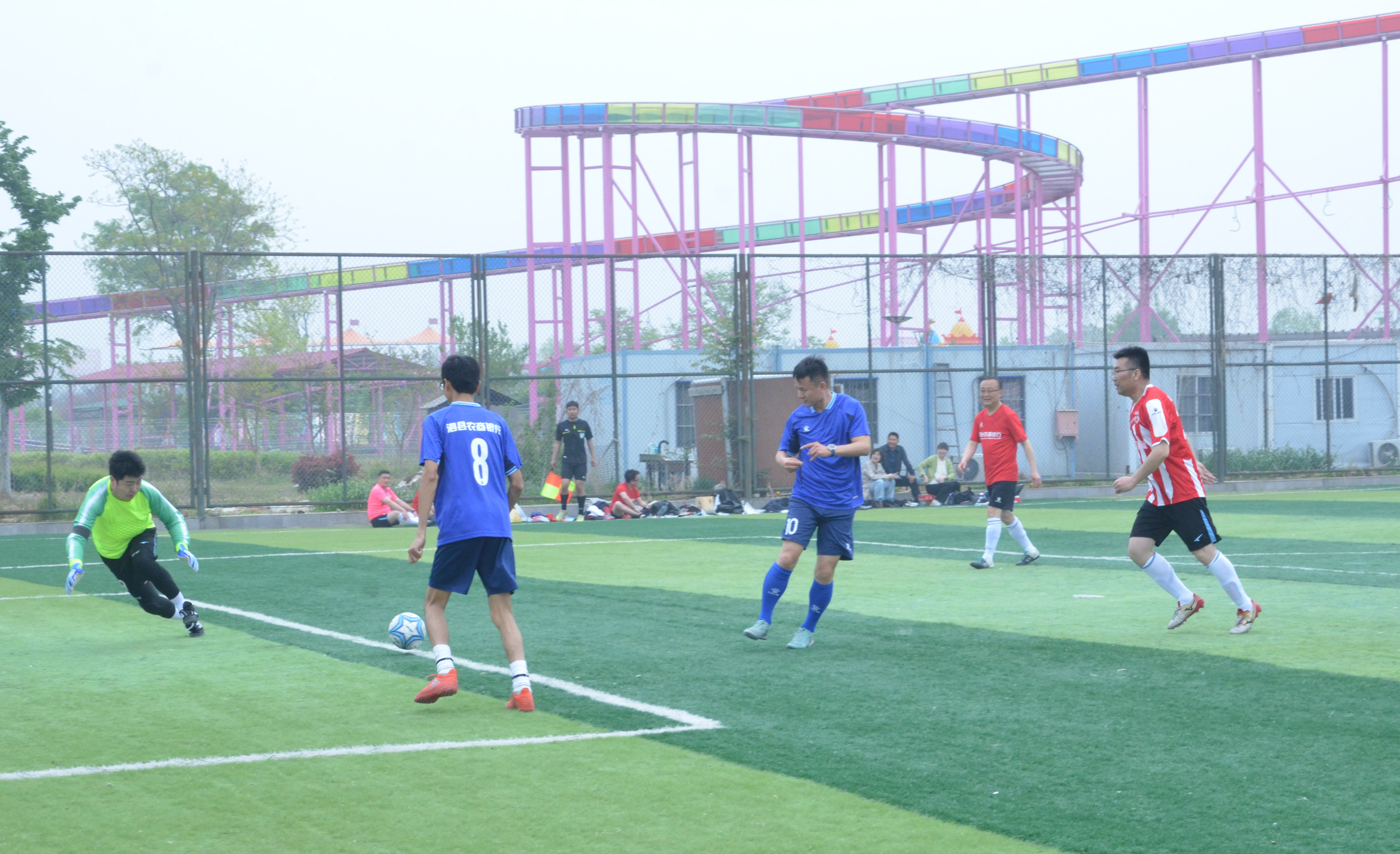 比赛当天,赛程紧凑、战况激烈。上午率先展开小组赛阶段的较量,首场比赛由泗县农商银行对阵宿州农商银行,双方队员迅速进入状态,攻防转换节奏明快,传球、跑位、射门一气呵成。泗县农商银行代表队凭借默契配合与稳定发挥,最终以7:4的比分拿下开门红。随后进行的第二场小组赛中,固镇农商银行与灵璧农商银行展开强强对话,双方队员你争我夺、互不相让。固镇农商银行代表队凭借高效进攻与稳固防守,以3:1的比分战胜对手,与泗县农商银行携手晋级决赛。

* * *

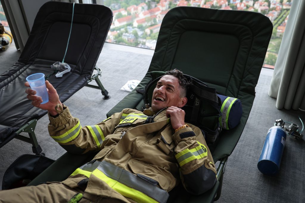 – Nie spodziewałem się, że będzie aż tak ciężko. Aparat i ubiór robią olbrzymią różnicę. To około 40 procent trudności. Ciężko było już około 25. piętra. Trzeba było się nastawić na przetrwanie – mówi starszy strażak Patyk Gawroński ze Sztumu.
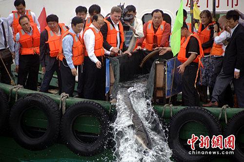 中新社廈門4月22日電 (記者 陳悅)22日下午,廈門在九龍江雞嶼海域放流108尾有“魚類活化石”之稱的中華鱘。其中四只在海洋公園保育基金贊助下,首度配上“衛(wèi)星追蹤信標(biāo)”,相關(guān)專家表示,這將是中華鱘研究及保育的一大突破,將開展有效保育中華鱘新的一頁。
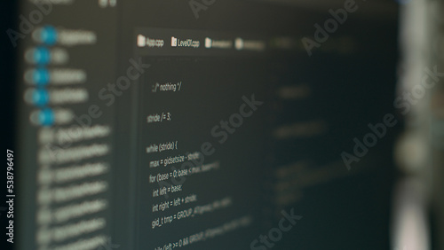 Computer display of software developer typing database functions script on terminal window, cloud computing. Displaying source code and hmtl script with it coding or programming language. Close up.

...

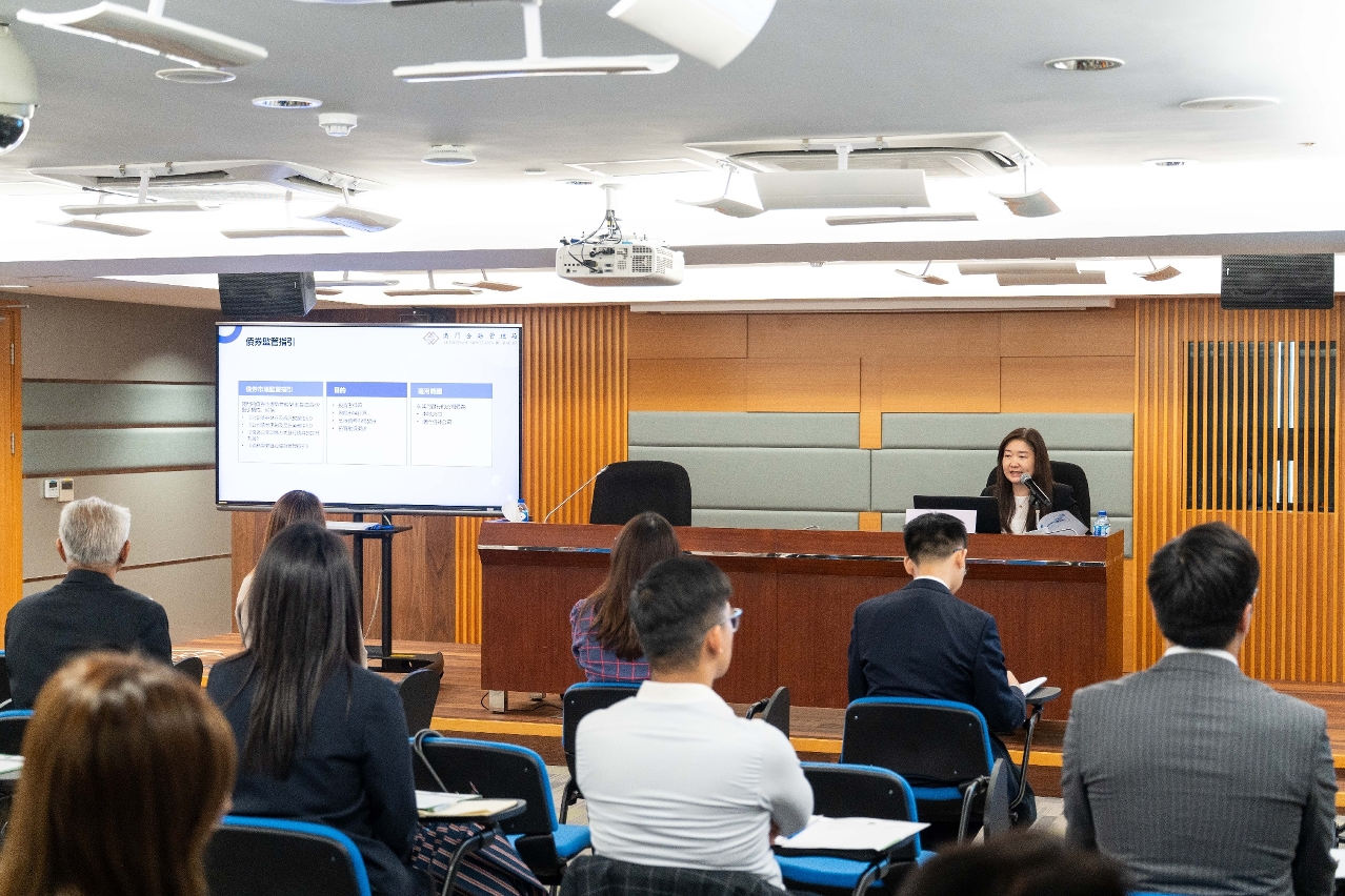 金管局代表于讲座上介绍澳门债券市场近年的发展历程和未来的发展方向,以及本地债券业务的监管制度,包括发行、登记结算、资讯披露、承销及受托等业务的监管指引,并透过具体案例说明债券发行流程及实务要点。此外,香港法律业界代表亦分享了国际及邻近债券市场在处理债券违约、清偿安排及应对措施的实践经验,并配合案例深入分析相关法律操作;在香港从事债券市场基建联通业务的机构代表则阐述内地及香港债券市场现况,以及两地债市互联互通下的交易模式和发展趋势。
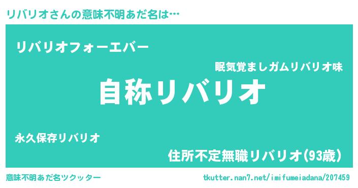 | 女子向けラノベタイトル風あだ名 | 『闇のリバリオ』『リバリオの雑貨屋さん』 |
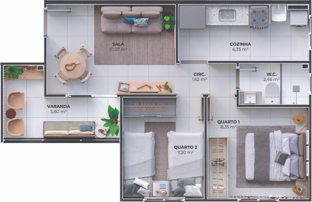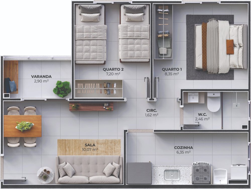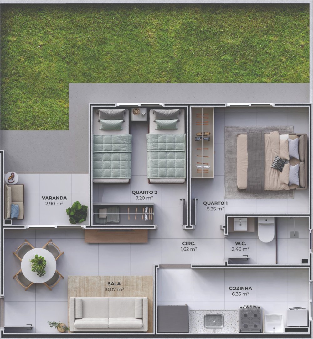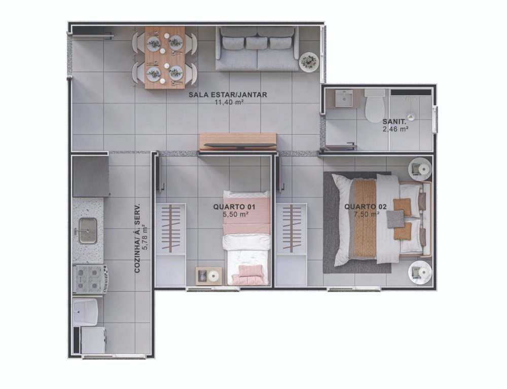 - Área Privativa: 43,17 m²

*GOAL OF THE EXERCISE:*
Which part of the entries opens with the line containing "Gawroński ze Sztumu." and closes with the line containing "Computer display of"? Output that part exactly, ends included, pictures excluded.

*OUTPUT FOR THIS EXERCISE:*
 – Nie spodziewałem się, że będzie aż tak ciężko. Aparat i ubiór robią olbrzymią różnicę. To około 40 procent trudności. Ciężko było już około 25. piętra. Trzeba było się nastawić na przetrwanie – mówi starszy strażak Patyk Gawroński ze Sztumu.
 中新社廈門4月22日電 (記者 陳悅)22日下午,廈門在九龍江雞嶼海域放流108尾有“魚類活化石”之稱的中華鱘。其中四只在海洋公園保育基金贊助下,首度配上“衛(wèi)星追蹤信標(biāo)”,相關(guān)專家表示,這將是中華鱘研究及保育的一大突破,將開展有效保育中華鱘新的一頁。
 Computer display of software developer typing database functions script on terminal window, cloud computing. Displaying source code and hmtl script with it coding or programming language. Close up.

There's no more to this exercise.